I lounged extremely hung over overlooking the Frankfurt skyline.

The impressive Dom Cathedral in Cologne.
The people too are as rich and exciting as the land. I always thought German was the harsh and brutish language we imagine the Nazis speaking but today I was lounging in a beer garden listening to families and friends laugh and talk and my mind changed. Their words are so expressional and unique. It’s intimidating to an outsider but still fun to listen too. And finally, the girls-man are they gorgeous. I have been to many places in my life but have never seen better proportioned bodies. Their boobs are big, their booties round, and their legs long. Put that together with the first beautiful days of summer and some revealing clothes and we guys have a whole lot of eye candy to admire. (I hear that is how it is throughout all of Eastern Europe though.)Yes, after many liter steins of beer, beautiful summer days, and unforgettable sights, I can say I have a very good first week.

Bratwurst central.



Wednesday, May 27, 2009

Kiss me, I'm Irish

The 2009 Volvo Ocean Race.

Well, I’m leaving Ireland for the last time in a couple of hours. I am very sad about it. Anyone who has read this blog knows how much fun I have had here. My expectations coming here were incredibly high but every moment here has lived up to what I wanted. The friends I have made, the things I have done, and the countless pints I have drunk are all very dear to me. I’m not going home though. I still have about seven weeks ahead of me if I don’t go crazy from travelling so much before going home.

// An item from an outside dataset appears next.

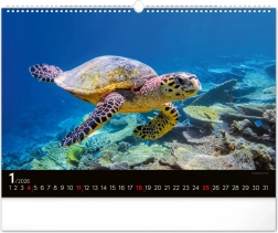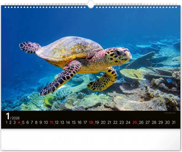 Nasz kalendarz ścienny Podwodny świat 2026 jest idealny dla miłośników przyrody i oceanów. Dzięki luksusowemu papierowi i żywym fotografiom jest nie tylko praktycznym pomocnikiem do śledzenia czasu, ale także wspaniałym elementem dekoracyjnym. Każda strona kalendarza uchwyca wyjątkowe piękno podwodnego świata, od barwnych koralowców po majestatyczne morskie stworzenia.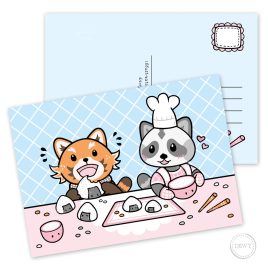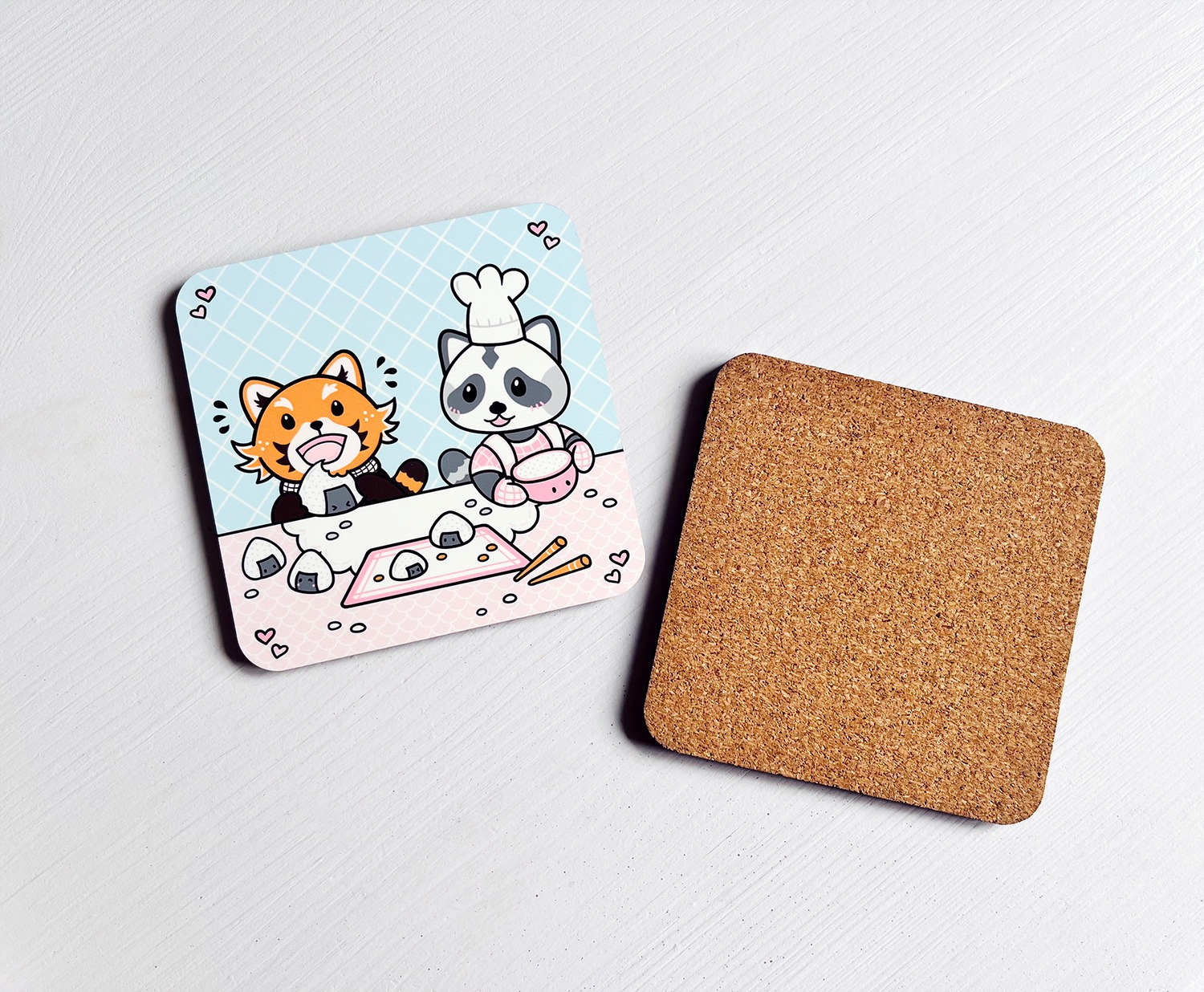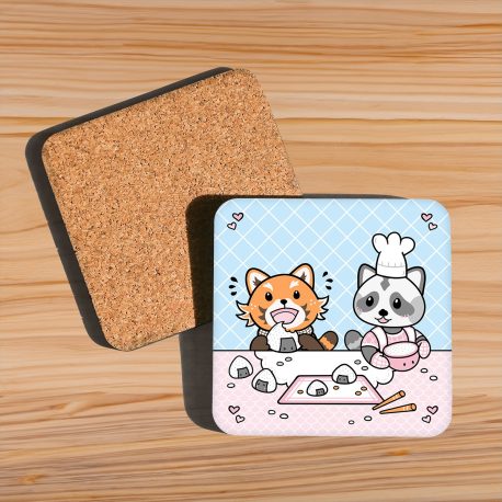 Kawaii onderzetter met rode panda Rowan en wasbeertje Robin. Samen zijn ze lekker sushi aan het eten.

Tonight I fly to Germany where I will be for a week or two.

All the nice yachts have come to Galway.

I leave Galway at a bad time though. Currently, the Volvo Ocean Race, a nine-month yacht race around the world is stopped in Galway for two weeks. They got in late Saturday night after the pubs closed to a roaring audience around the bay just outside my balcony. People were everywhere and they had music and fireworks to greet the first boat. Also, thanks to my rugged good looks and inescapable charm, I got a couple of hot girls without a place to stay to come to my place to continue the party. The few remaining American students also came as well as some of our Irish friends. It was a great party that lasted until the sun came up. It was a memorable last party.

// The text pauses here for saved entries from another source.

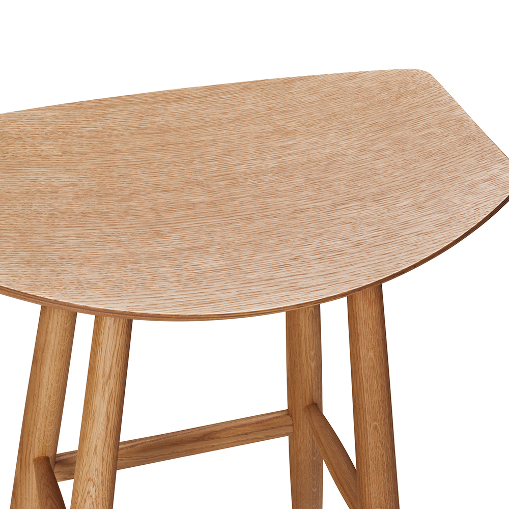 Der Swina-Bar mit seiner leicht gewölbten Sitzschale hebt sich deutlich von klassischen Barhockern ab. Der Barhocker besteht aus robustem Eichenholz!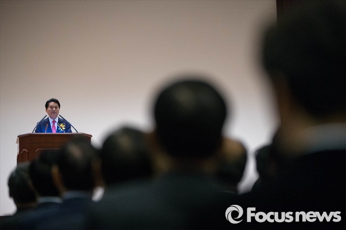 (서울=포커스뉴스) 김병원 농협 신임 회장이 14일 오전 서울 중구 농협 중앙회에서 열린 신임 회장 취임식에 참석, 취임을 기념하며 인사말을 하고 있다.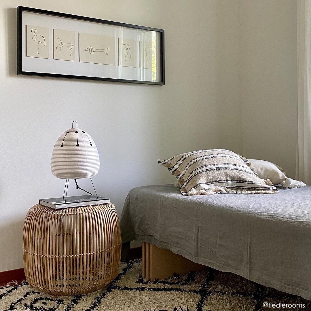 Akari 燈具採用日本和紙與竹編燈體結構,腳架及頂端則是金屬材質,建議使用40 瓦燈泡。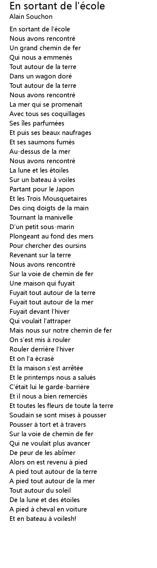 | Song | En sortant de l'école |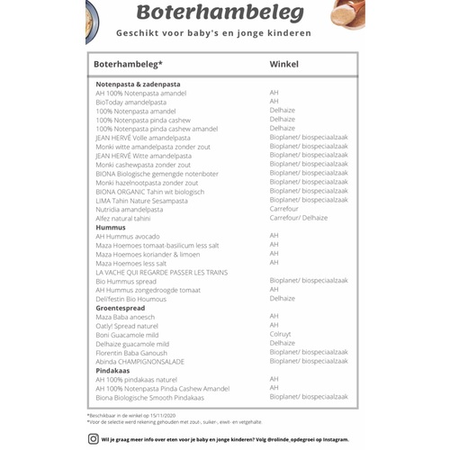 Hier een baby met koemelkallergie dus een boter op basis van soya. Verder pindakaas naturel 100%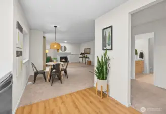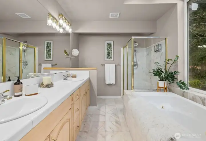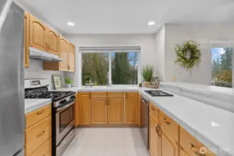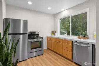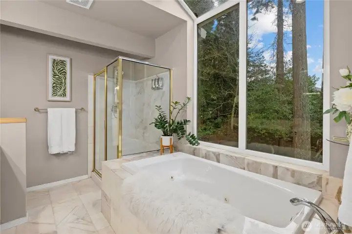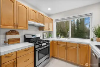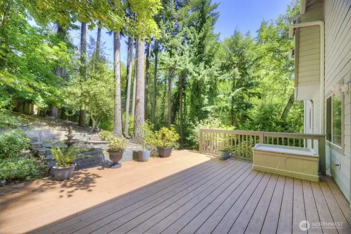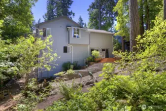 Welcome to this spacious 4 bedroom 3 bath home with 2700 sq ft of living space on a spacious 1/4 acre lot in a peaceful, park-like setting. Surrounded by scenic Northwest nature, trees, and beauty this home offers exceptional privacy and tranquility. Eastside of house backs up to greenbelt with two decks. Main level living has vaulted ceilings and gas fireplace for creating warmth and ambiance throughout the home. Spacious windows on the main living brings in abundant natural light. Kitchen opens up to a great room and eating area with bar seating. SS appliances, tiled countertops and gas stove complete the kitchen. Primary suite is a serene retreat. Enjoy sitting on deck with morning coffee and a 5-piece Spa-inspired marble bathroom with skylight. The lower level is ideal for multigenerational living or guests. Features a secondary kitchen with a new SS Fridge and new laminate hardwood flooring. Could be a potential ADU or rental. Downstairs includes 3 bd, 1 full bath. Expansive family room with gas fireplace. Outdoor living includes terraced areas, water fountain, and entertaining spaces. Located in highly regarded Edmonds School District, mins to Parks, Mountlake Terrace Rail Station, and Alderwood Mall. A rare opportunity to enjoy comfort, privacy, and lifestyle in a beautiful setting.

The racing boats out of the water.


The Irish competitor, the Green Dragon.

Anyways, for the past few days Galway has been buzzing with visitors and there has been live music and people walking around just outside my window admiring the yachts that are being repaired. In two days though they will all start racing around Galway Bay which is supposed to be so cool. I wish I could see it but I have more to do here in Europe. I meet my sister in Poland on June 22 but until then I am on my own. I consider myself to be an independent person but three weeks completely on my own will be testing. I guess my writing will have to keep me company.
Well, this is goodbye to Ireland. I love it here and consider it a second home. I’m sure I will be back again and I will be very glad when I do, but I’m sure it could never be as electric and fun as it is now for me. This has been a once in a lifetime gift that I will never forget. What an experience.